Omit the pictures. Print each entry below exactly.
Top of DATA FOR THIS EXERCISE
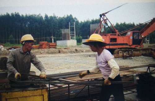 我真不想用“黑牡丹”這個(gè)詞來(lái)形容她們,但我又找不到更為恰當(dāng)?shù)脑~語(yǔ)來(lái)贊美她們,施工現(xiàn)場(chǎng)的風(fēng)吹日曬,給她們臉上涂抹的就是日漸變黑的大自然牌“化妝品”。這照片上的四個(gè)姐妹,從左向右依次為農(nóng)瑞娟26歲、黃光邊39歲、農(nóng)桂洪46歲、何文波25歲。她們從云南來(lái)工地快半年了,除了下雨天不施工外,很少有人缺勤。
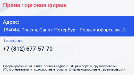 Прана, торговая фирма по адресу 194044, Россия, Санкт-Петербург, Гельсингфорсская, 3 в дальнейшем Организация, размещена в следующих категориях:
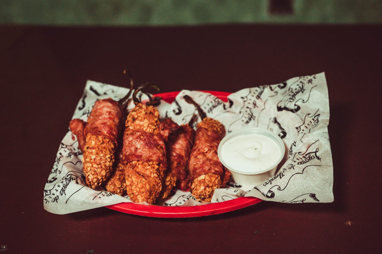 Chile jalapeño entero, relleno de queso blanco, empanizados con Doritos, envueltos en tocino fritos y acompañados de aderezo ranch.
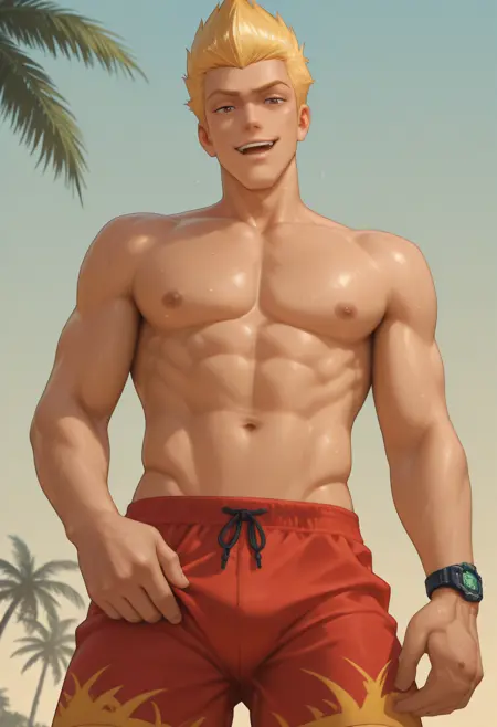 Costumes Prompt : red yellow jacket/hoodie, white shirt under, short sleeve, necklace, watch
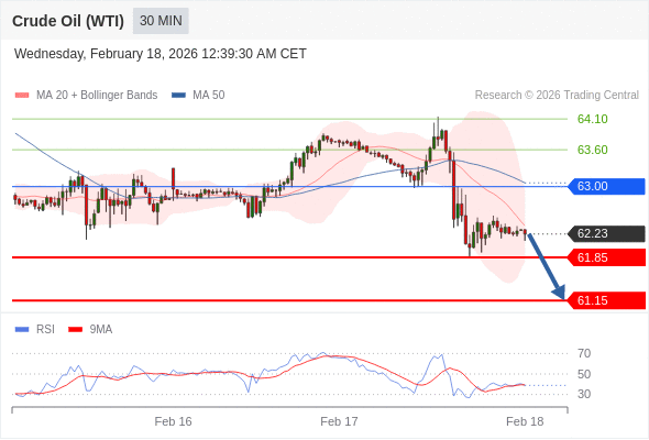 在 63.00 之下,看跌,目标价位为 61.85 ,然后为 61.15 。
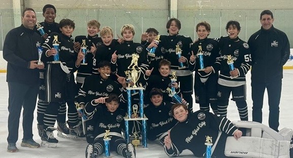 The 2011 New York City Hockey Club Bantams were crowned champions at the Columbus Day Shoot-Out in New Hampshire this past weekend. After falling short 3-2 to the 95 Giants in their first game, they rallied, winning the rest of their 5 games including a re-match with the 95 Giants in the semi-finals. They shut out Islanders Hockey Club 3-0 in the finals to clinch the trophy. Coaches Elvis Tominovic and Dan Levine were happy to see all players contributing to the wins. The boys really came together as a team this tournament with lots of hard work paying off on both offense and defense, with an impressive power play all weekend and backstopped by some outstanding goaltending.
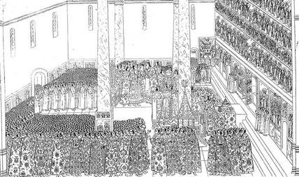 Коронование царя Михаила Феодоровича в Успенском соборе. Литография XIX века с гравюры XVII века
Bottom of DATA FOR THIS EXERCISE
## [ANSWER FOR THE TASK]
 我真不想用“黑牡丹”這個(gè)詞來(lái)形容她們,但我又找不到更為恰當(dāng)?shù)脑~語(yǔ)來(lái)贊美她們,施工現(xiàn)場(chǎng)的風(fēng)吹日曬,給她們臉上涂抹的就是日漸變黑的大自然牌“化妝品”。這照片上的四個(gè)姐妹,從左向右依次為農(nóng)瑞娟26歲、黃光邊39歲、農(nóng)桂洪46歲、何文波25歲。她們從云南來(lái)工地快半年了,除了下雨天不施工外,很少有人缺勤。
 Прана, торговая фирма по адресу 194044, Россия, Санкт-Петербург, Гельсингфорсская, 3 в дальнейшем Организация, размещена в следующих категориях:
 Chile jalapeño entero, relleno de queso blanco, empanizados con Doritos, envueltos en tocino fritos y acompañados de aderezo ranch.
 Costumes Prompt : red yellow jacket/hoodie, white shirt under, short sleeve, necklace, watch
 在 63.00 之下,看跌,目标价位为 61.85 ,然后为 61.15 。
 The 2011 New York City Hockey Club Bantams were crowned champions at the Columbus Day Shoot-Out in New Hampshire this past weekend. After falling short 3-2 to the 95 Giants in their first game, they rallied, winning the rest of their 5 games including a re-match with the 95 Giants in the semi-finals. They shut out Islanders Hockey Club 3-0 in the finals to clinch the trophy. Coaches Elvis Tominovic and Dan Levine were happy to see all players contributing to the wins. The boys really came together as a team this tournament with lots of hard work paying off on both offense and defense, with an impressive power play all weekend and backstopped by some outstanding goaltending.
 Коронование царя Михаила Феодоровича в Успенском соборе. Литография XIX века с гравюры XVII века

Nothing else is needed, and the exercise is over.